En la presentación judicial, el Municipio también planteó la existencia de falsificación de firmas. “De los cheques que aparecieron en las últimas horas, en cuatro de ellos a simple vista la firma difiere con la que está registrada en el banco. Pablo Pellegrini, titular del Edecom, sostiene que no es su firma. Pero todo es materia de investigación porque, más allá de lo que diga Pellegrini, el sello está y de otro director también”, dijo.
Oberti explicó el funcionamiento de la caja chica del Edecom. “Desde hace mucho tiempo se hace la misma operatoria para el fondo fijo. No se cambió nada. Tal vez puede haber habido algún error de no haber implementado ningún tipo de sistema online. Seguramente, lo que venía mal barajado era precisamente el sistema por el cual se hacen los pagos a proveedores con sumas que no son considerables -estamos hablando de 300, 500 o 1.000 pesos-. Funciona así: se presentan varias facturas, se abrochan a la orden de pago, se hace el cheque por la suma total de esas facturas y un empleado va y cobra ese cheque. Con ese dinero se va pagando en efectivo a los proveedores que tienen pequeños montos”, dijo el fiscal.
Y adelantó que, por los elementos que existen hasta ahora, se trató de una irregularidad individual. “A esta altura, estimo que se trata más de una cuestión de un delincuente común que ha aprovechado la situación.
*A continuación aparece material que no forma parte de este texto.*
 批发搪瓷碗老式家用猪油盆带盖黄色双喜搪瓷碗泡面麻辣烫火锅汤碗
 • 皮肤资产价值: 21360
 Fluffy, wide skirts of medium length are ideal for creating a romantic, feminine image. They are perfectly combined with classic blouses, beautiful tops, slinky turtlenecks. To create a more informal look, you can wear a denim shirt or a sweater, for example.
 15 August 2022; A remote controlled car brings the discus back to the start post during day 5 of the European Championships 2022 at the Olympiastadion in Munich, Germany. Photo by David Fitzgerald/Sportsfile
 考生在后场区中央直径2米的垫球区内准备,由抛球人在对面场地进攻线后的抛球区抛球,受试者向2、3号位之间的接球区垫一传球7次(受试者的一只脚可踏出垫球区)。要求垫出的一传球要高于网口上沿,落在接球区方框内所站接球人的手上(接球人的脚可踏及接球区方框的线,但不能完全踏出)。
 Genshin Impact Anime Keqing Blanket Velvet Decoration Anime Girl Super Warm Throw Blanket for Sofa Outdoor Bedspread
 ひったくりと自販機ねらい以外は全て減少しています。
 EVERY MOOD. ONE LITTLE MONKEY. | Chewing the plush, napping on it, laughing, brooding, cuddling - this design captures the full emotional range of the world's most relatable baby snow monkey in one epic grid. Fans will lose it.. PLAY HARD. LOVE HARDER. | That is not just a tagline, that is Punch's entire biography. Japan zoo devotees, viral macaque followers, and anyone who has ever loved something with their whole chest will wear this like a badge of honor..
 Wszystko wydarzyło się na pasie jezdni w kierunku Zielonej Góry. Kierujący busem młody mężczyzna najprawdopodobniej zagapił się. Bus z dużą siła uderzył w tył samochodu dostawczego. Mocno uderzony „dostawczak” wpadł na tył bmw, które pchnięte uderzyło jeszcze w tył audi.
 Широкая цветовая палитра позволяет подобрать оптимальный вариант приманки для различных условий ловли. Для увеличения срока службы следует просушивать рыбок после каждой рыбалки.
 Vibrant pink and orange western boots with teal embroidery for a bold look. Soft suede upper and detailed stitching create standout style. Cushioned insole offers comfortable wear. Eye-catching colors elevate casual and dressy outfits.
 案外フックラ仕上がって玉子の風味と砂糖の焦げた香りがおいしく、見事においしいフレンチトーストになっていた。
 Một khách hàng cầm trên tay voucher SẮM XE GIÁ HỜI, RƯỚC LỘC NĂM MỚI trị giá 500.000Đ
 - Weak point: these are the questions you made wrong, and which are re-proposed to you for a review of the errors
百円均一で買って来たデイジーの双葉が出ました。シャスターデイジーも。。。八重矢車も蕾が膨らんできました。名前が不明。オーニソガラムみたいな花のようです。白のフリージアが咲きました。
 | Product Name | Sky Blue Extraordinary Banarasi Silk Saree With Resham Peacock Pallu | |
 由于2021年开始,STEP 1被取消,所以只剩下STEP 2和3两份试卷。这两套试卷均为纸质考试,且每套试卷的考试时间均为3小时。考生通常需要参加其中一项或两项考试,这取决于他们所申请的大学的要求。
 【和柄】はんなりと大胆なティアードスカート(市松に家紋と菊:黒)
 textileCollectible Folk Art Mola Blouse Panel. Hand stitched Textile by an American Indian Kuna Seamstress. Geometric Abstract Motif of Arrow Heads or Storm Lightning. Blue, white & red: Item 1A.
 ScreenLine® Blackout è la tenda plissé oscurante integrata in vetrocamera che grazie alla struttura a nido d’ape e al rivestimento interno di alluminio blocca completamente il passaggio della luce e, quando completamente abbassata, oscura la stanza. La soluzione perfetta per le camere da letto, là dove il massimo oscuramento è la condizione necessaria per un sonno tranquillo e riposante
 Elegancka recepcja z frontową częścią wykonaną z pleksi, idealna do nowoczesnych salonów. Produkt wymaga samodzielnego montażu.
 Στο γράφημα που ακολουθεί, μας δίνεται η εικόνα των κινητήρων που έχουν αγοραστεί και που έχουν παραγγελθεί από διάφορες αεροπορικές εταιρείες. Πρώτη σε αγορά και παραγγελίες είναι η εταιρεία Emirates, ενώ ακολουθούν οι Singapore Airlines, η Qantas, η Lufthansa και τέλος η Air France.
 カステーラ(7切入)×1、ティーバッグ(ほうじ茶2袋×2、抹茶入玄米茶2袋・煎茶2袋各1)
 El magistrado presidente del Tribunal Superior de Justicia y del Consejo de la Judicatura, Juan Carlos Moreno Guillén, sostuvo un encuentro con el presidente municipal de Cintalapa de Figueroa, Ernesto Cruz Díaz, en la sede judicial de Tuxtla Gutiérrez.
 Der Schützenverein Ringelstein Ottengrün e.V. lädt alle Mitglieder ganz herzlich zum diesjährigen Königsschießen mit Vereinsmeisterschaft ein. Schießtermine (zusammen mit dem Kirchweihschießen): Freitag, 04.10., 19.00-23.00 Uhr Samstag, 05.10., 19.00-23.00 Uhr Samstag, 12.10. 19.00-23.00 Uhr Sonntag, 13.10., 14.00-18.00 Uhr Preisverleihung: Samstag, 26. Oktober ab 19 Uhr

No se trata más que de una acción delictiva típica y generada a lo mejor por algún relajo en los controles. Esto no implica justificar una falla en el sistema interno. Pero sí lo digo porque se habló de administración fraudulenta, de una intencionalidad dolosa de parte de algún director o que se generó adrede para captar fondos oscuros para financiar la política. Descarto total y absolutamente esa posbilidad y la investigación va a dilucidarlo. Se trata de una cuestión delictiva común y corriente”, indicó Oberti.